### Work instruction:
Please retype exactly the lines from the one containing "Un chat tigré" through the end of the records, leaving out the pictures.

Entries supplied Start Marker

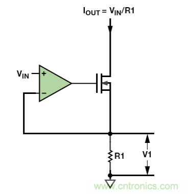 該電路簡單、價(jià)格不高。MOSFET柵極上的電壓可設(shè)置MOSFET中的電流和R1,使R1 上的電壓V1 等于輸入電壓VIN。
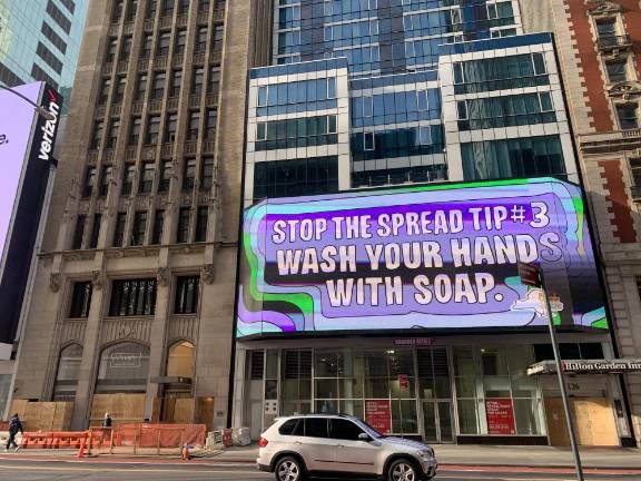 Message and boards in Times Square. Photo: Evando Thompson
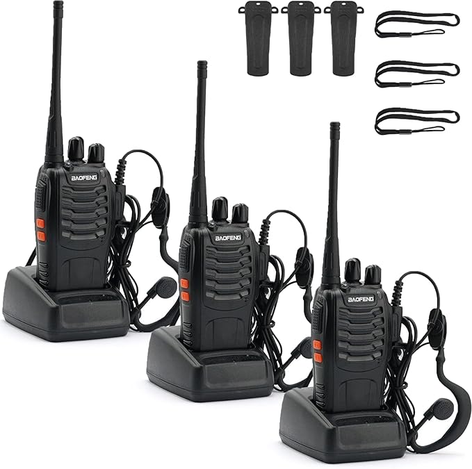 - Radios Walkie Talkies Kit: 3 x Baofeng radios with Original Antenna, 3 x Batteries, 3 x Charger, 3 x Belt clip, 3 x Wrist Strap, 3 x Headset, 1 x User Manual. If you have any questions, our professional team will solve your problems as soon as possible.
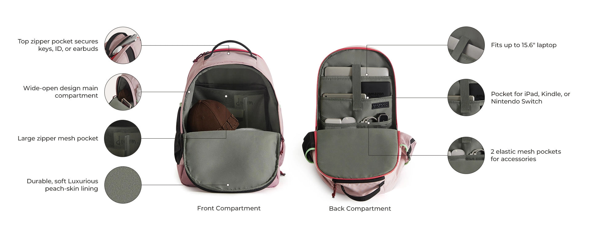 - Capacité de 26 litres pour les livres, la technologie et les articles de tous les jours
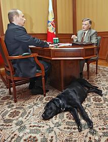 Президент России Владимир Путин (слева) и президент ОАО "Российские железные дороги" (РЖД) Владимир Якунин (справа) во время встречи в президентской резиденции "Бочаров ручей".
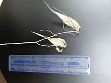 The fruit is a follicle or pod that is very slender, 8.1–14.2 centimetres (3.2–5.6 in) long and 0.6–0.8 centimetres (.25–.3 in) thick, lacking tubercles, minutely hairy to glabrous. The seeds are broadly oval with a length up to 0.8 centimetres (.3 in). They are tufted with white to tan hairs at their tips.[8]
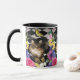 Un chat tigré brun adorable avec le ragondin blanc du Maine de pattes orne cette tasse qui comporte également un papillon et des fleurs. Cette image est également disponible sur d'autres produits dans mon magasin de Zazzle.
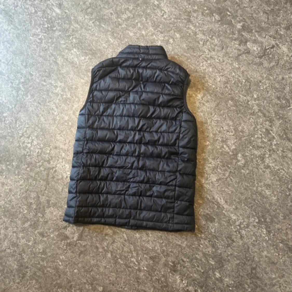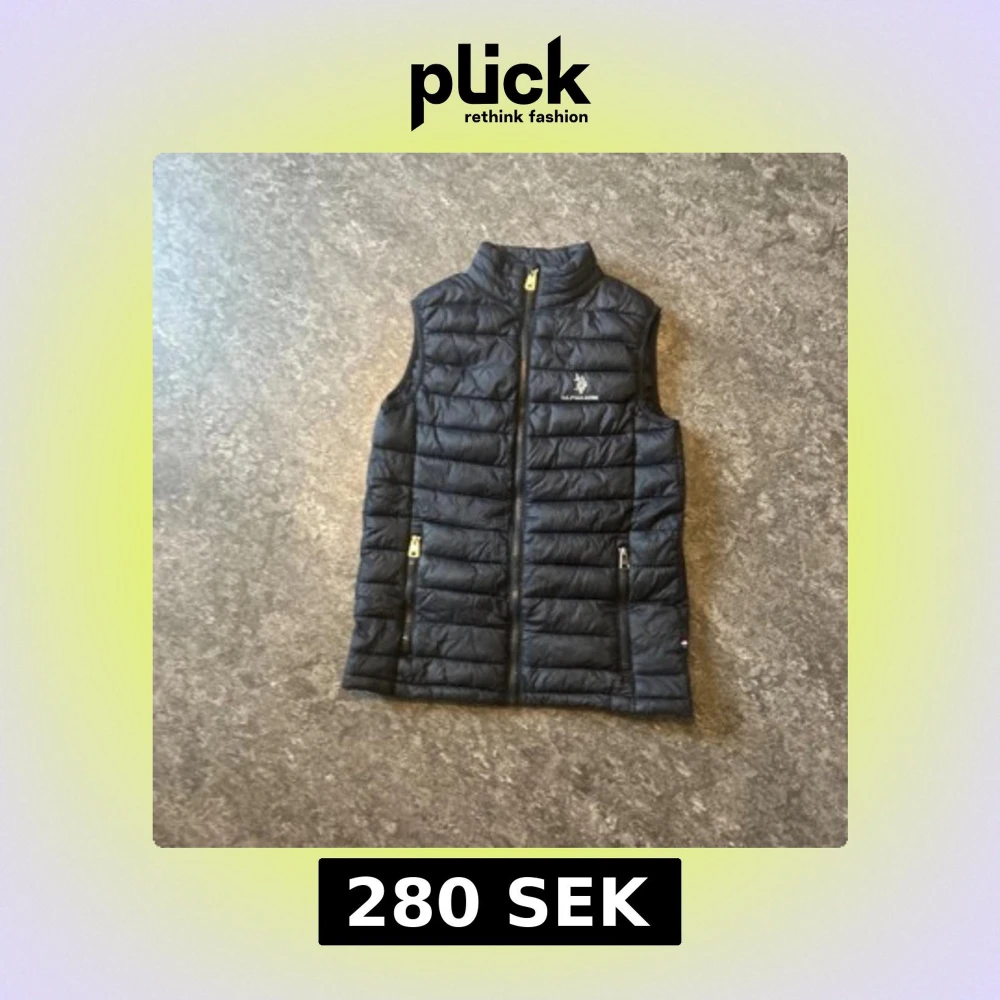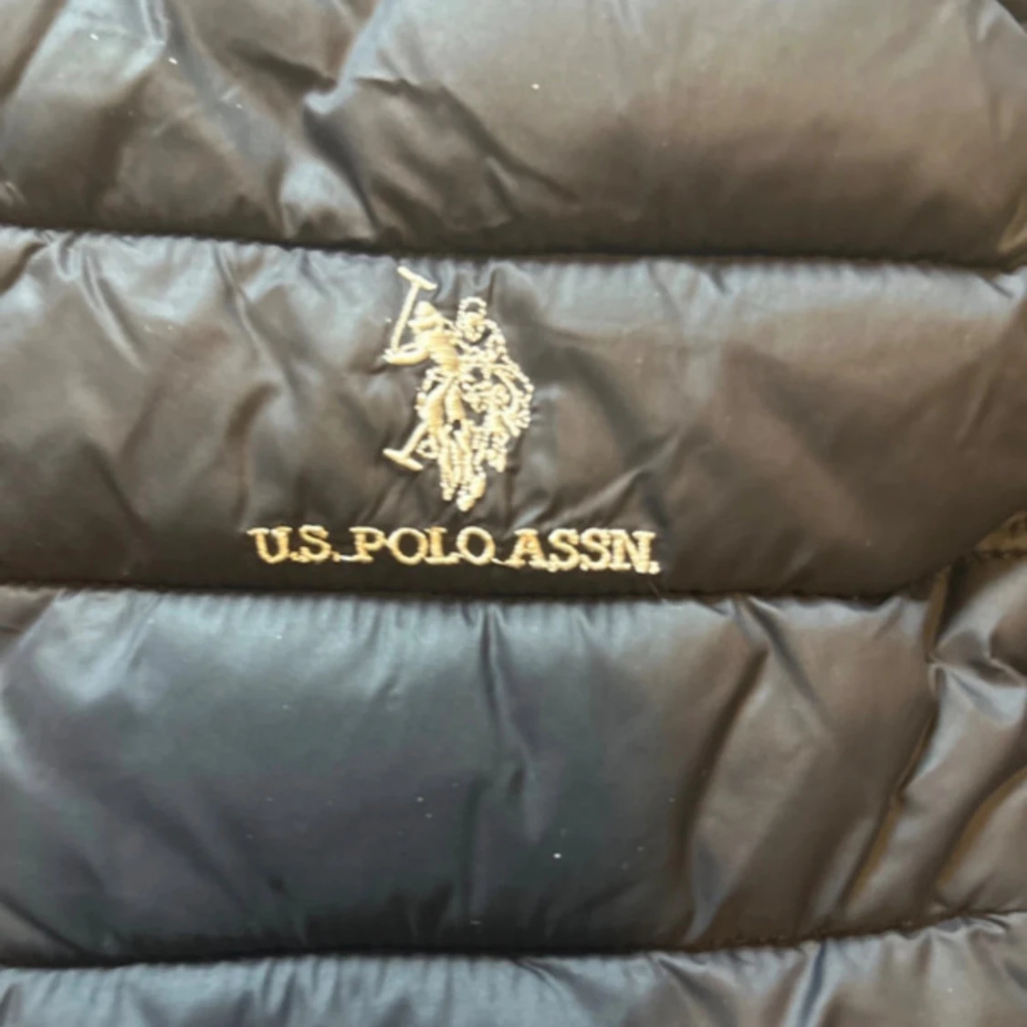 Säljer en svart dunväst från U.S. Polo Assn. med broderad logga på bröstet och klassisk ståkrage. Västen har två fickor med dragkedja och quiltad design. Perfekt att slänga över en hoodie eller tröja när det är kyligt ute.

Entries supplied End Marker

### Solution for this exercise:
 Un chat tigré brun adorable avec le ragondin blanc du Maine de pattes orne cette tasse qui comporte également un papillon et des fleurs. Cette image est également disponible sur d'autres produits dans mon magasin de Zazzle.
 Säljer en svart dunväst från U.S. Polo Assn. med broderad logga på bröstet och klassisk ståkrage. Västen har två fickor med dragkedja och quiltad design. Perfekt att slänga över en hoodie eller tröja när det är kyligt ute.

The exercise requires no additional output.